Per quanto riguarda la multivalorialità caratterizzante (piaccia o non piaccia) le società occidentali contemporanee, sarà qui sufficiente ricordare che essa era stata colta con chiarezza già dal grande economista-filosofo-sociologo M. Weber nei primi anni del Ventesimo Secolo.
Un termine dal significato affine ma non identico a “multietnico” è “multiculturale”, spesso utilizzato al posto del primo: sulla base dell’omonima voce dell’Enciclopedia filosofica Bompiani, in riferimento al multiculturalismo possiamo quantomeno menzionarne i quattro modelli fondamentali, dalle caratteristiche principali abbastanza facilmente intuibili sulla base delle rispettive denominazioni:
1. temperato (neo-liberale);
2. radicale (neo-comunitarista);
3. critico;
4. neo-mercantilista.
Inoltre nella storia non mancano esempi di società multiculturali/multietniche: basti pensare all’Impero romano e, per venire ad un’epoca molto più recente, a quello austro-ungarico, senza dimenticare il fiorente e del tutto sommato tollerante regno arabo-islamico medievale (simboleggiato in un certo senso dall’eclettica figura di Averroè); gli Stati Uniti d’America stessi vengono spesso considerati un esempio (secondo alcuni studiosi quello meglio riuscito in assoluto) di società multiculturale/multietnica. Occorre peraltro aggiungere che naturalmente ognuna di queste entità politico-sociali possedeva (o tuttora possiede) anche una quantità di caratteristiche peculiari sufficiente a rendere abbastanza complicata l’estrapolazione di considerazioni di valenza davvero generale; persino il ben noto modello statunitense del “melting pot” sembra presentare oggi numerose crepe.
3. Scontro di civiltà ?
La prima questione di merito della quale è opportuno occuparsi ci sembra quella relativa allo “scontro di civiltà” che, secondo S. Huntington ed altri illustri analisti, sarebbe attualmente in corso tra mondo occidentale e mondo (integralista) islamico.
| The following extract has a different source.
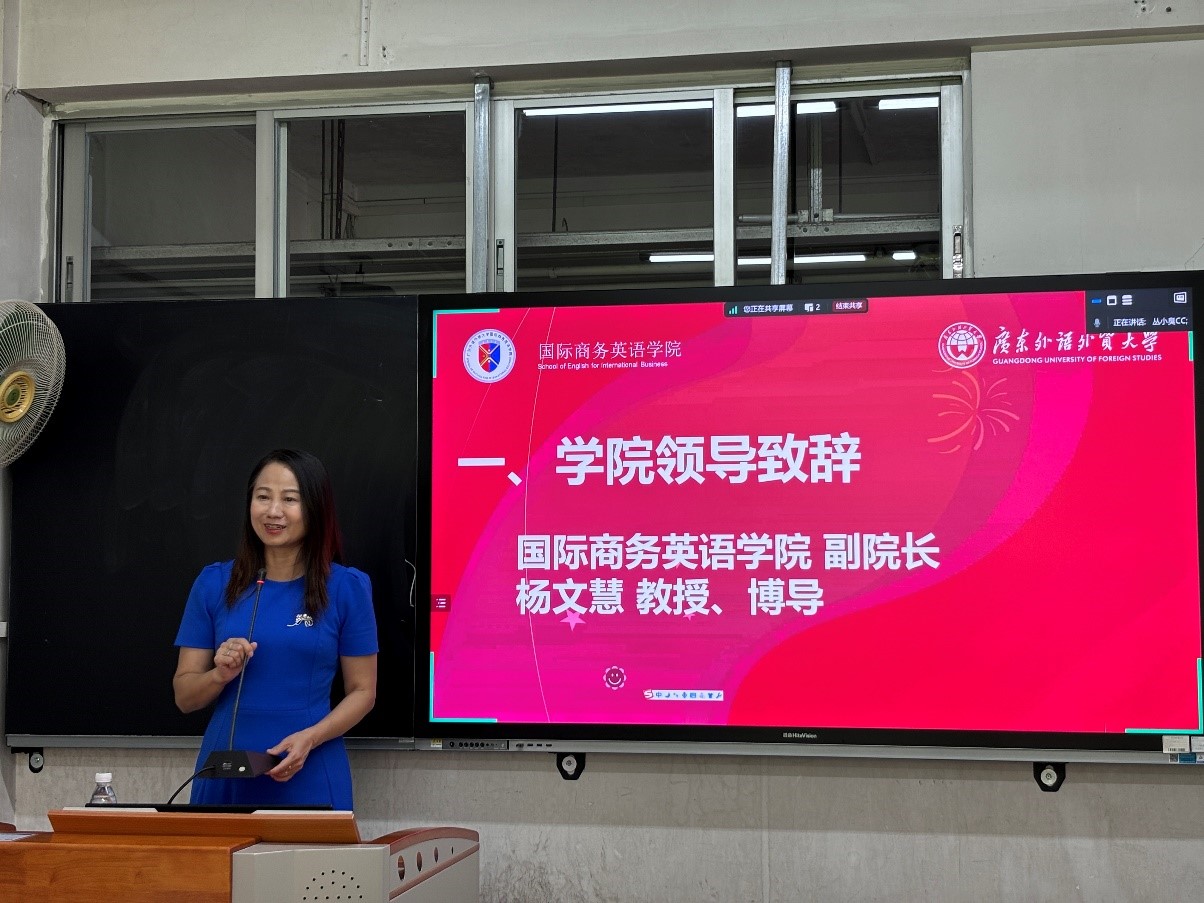 杨文慧副经理致欢迎辞,向新一期昆士兰硕士班新生的到来表示热烈的欢迎,向给予公司支持和信任的家长表示真挚的感谢。她介绍了广外-昆士兰大学硕士项目办学历史和昆士兰大学所在地布里斯班概况,强调了英语学习的重要性,希望同学们注重培养口语和写作等英语能力。同时,杨经理还提醒同学们平衡好专业课和语言学习,结合个人实际、尽早明确目标、开展职业规划,以顺利完成学业、出国留学。

Sulla scia di altri studiosi (ad es. il sociologo A. Dal Lago e la filosofa M. Nussbaum), non meno autorevoli di quelli precedentemente evocati, la tesi dello scontro di civiltà ci sembra obiettivamente esagerata, parzialmente forzata e tendenzialmente fuorviante: non fosse altro perché essa, unendosi al tendenziale rifiuto delle etnie “altre”, mina alla radice la proposta alternativa dell’incontro/accettazione tra etnie differenti e la conseguente ricerca della migliore armonizzazione effettivamente possibile all’interno delle moderne società multietniche. Ma le perplessità si appuntano già sulla (presunta) monoliticità del concetto di “civiltà”: presunta perché appare difficile se non impossibile considerare (in questo caso) Occidente e Islam praticamente come due entità metafisiche, perfettamente e rigidamente definite, prive di dialettica interna e reciprocamente impermeabili. Ciò del resto accade per altri concetti collegati al tema in discussione: si pensi a “cultura” (non fosse altro perché oggi le culture vanno sempre più deterritorializzandosi”…), oppure a “identità” (che da tempo filosofia, antropologia, psicologia e sociologia ritengono concetto ben difficilmente suscettibile di “reductio ad unum”). Anche su questi aspetti si ritornerà nel prosieguo di questo breve saggio.
Le ricerche di autorevoli studiosi come C. Levi-Strauss, inoltre, hanno mostrato la totale infondatezza scientifica di ogni atteggiamento marcatamente etno/euro-centrico, che viceversa rappresenta un segnale abbastanza inequivocabile di un più o meno marcato (e inconscio) ego-centrismo e “la faccia uguale e contraria della medaglia” del ben noto “relativismo assoluto”; utili ammaestramenti a questo proposito possono venire da seri studi di Etnologia giuridica, condotti magari a partire dall’intramontabile Esprit des lois del barone di Montesquieu.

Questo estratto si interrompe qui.